Axios Future author Bryan Walsh writes: Global food prices have been rising for months, putting additional pressure on the world's poorest people.

Why it matters: Past spikes in the price of food staples have been connected to periods of social unrest, including the Arab Spring. If prices continue to rise — on top of the pain of the pandemic — the world could be in for a bumpy future.

By the numbers: Global food prices rose by 2.4% in February, according to the Food and Agriculture Organization's Food Price Index.

  • That marks the ninth straight month of price rises, causing the index — which is adjusted for inflation — to reach its highest level since July 2014.

Details: In the U.S., prices rose by nearly 3% in 2020, roughly double the rate of inflation, putting pressure on the poorest Americans, who spend more than one-third of their income on food.

Flashback: Governments are right to worry about the effects of rising food prices. Past spikes in 2011 helped fuel protests in the Arab world, and record-high prices in 2008 contributed to instability throughout the global South.

What they're saying: "These price spikes are destabilizing, not just because they induce a lot of hardship on communities and households, but also because there is this expectation that the government will do something about it," Cullen Hendrix, a nonresident senior fellow at the Peterson Institute for International Economics, told Bloomberg.

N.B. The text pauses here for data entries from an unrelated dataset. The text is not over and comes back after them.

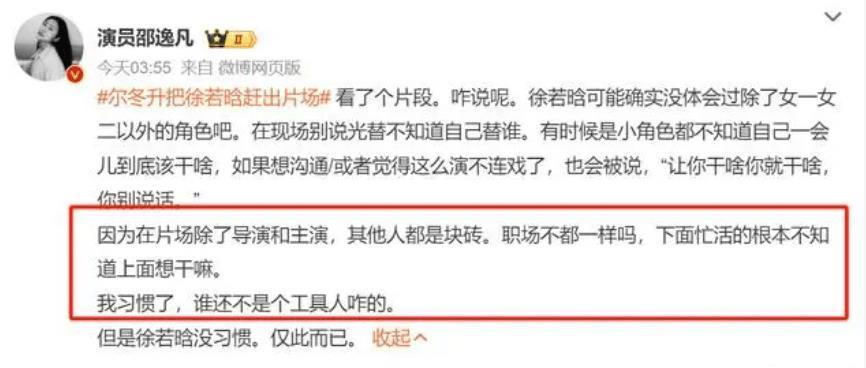 这一事件飞速在网罗上激励了热议。有网友暗示相沿尔冬升导演的决定,合计徐若晗的行动确乎过分,应该受到科罚。也有网友对徐若晗的行动暗示发火,合计她行为一个演员,应该尊重我方的管事和扮装,不应该在片场耍大牌。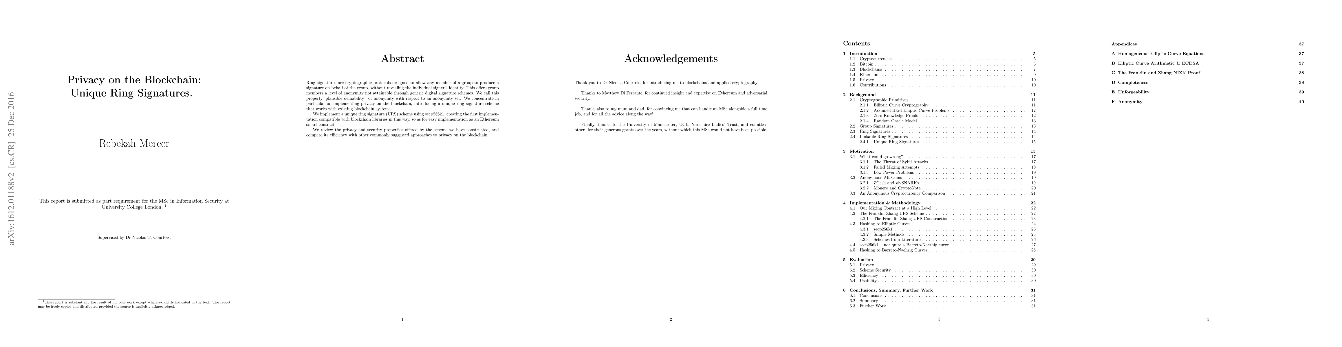 Ring signatures are cryptographic protocols designed to allow any member of a group to produce a signature on behalf of the group, without revealing the individual signer's identity. This offers group members a level of anonymity not attainable through generic digital signature schemes. We call this property 'plausible deniability', or anonymity with respect to an anonymity set. We concentrate in particular on implementing privacy on the blockchain, introducing a unique ring signature scheme that works with existing blockchain systems. We implement a unique ring signature (URS) scheme using secp256k1, creating the first implementation compatible with blockchain libraries in this way, so as for easy implementation as an Ethereum smart contract. We review the privacy and security properties offered by the scheme we have constructed, and compare its efficiency with other commonly suggested approaches to privacy on the blockchain.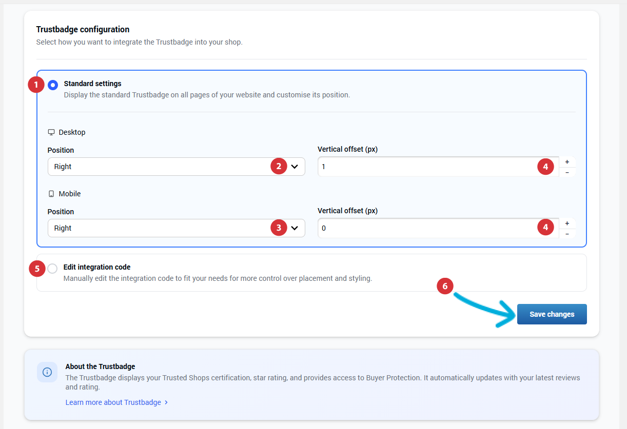 ). This allows you to decide whether the Trustbadge should be displayed on the right or the left in the desktop view.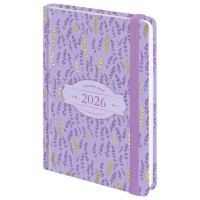 Ежедневник датированный 2026 с резинкой 145х203 мм, А5, BRAUBERG твердый, фольга, "Лаванда", 117344
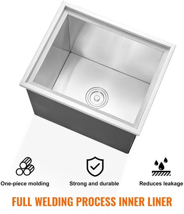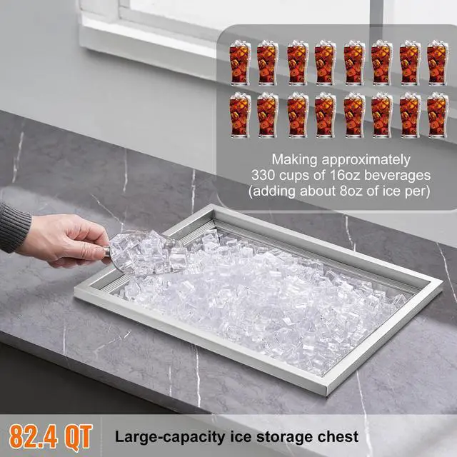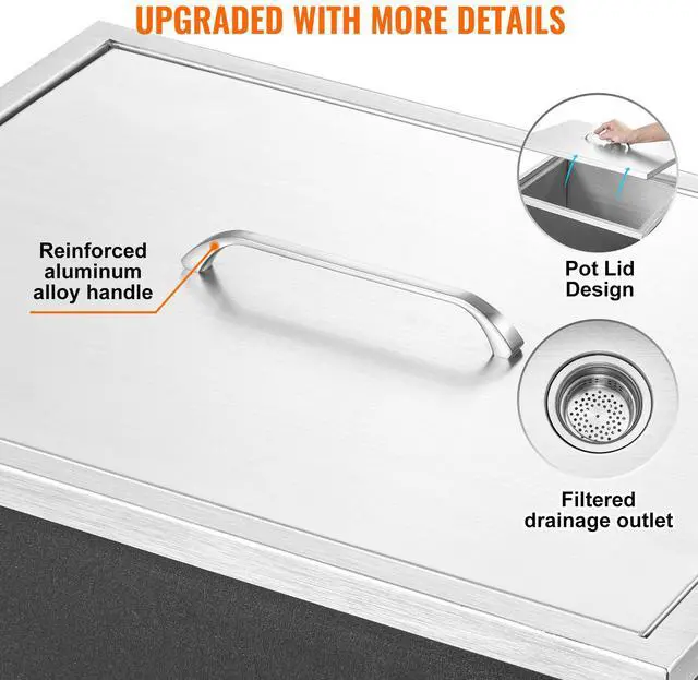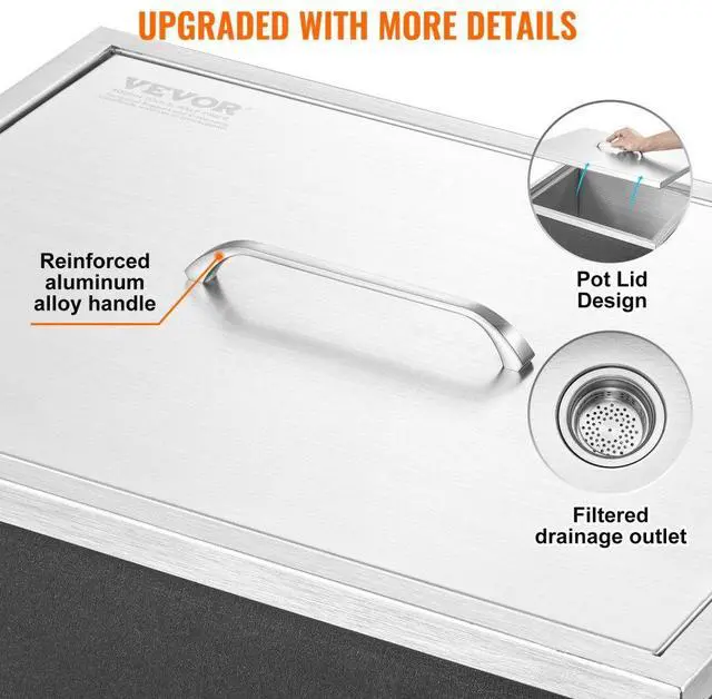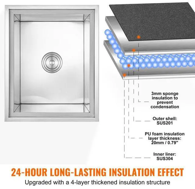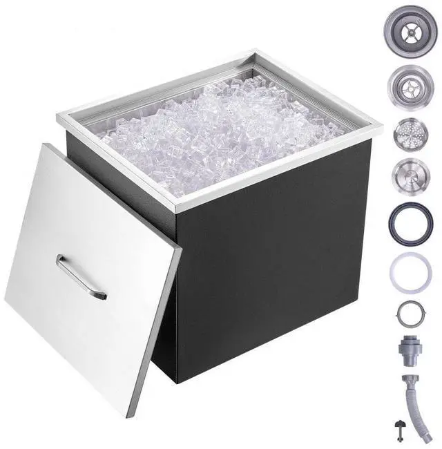 VEVOR Drop in Ice Chest, 21"L x 17"W x 18"H Stainless Steel Ice Cooler, Commercial Ice Bin with Cover, 40 qt Outdoor Kitchen Ice Bar, Drain-pipe and Drain Plug Included, for Cold Wine Beer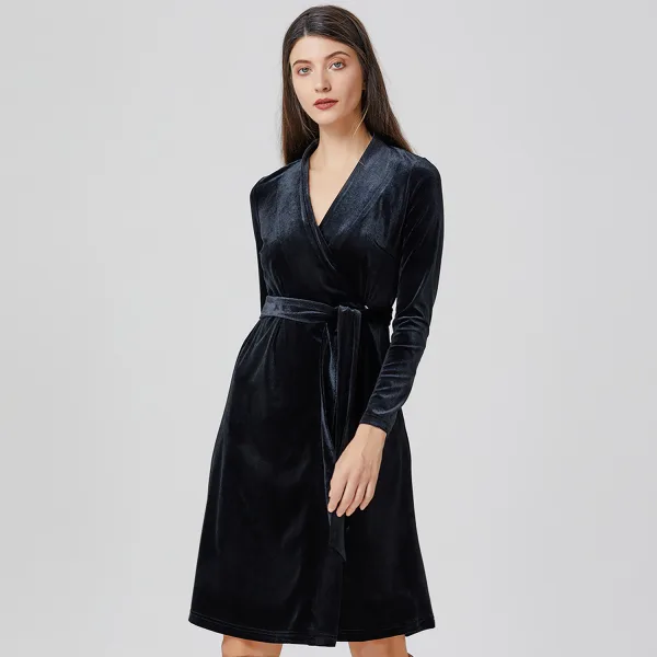 Fluwelen wikkeljurk met V-hals Prijzen

  • "The implications are going to last longer and beyond the pandemic."

How it works: The food price spike has multiple interlocking causes: COVID-19 lockdowns "are a wrecking ball for food systems," notes Lawrence Haddad, the executive director for the Global Alliance for Improved Nutrition, while broader inflation and extreme weather events like February's winter storms in Texas play a role as well.

Yes, but: Prices are well below their 2011 peak, and there are signs that grain price increases are slowing even as wheat output is forecast to reach a record high of 780 million tonnes next season.

The bottom line: More than politics or the pandemic, it is food scarcity that will bring people out into the streets, which is likely to make the next few months unstable ones.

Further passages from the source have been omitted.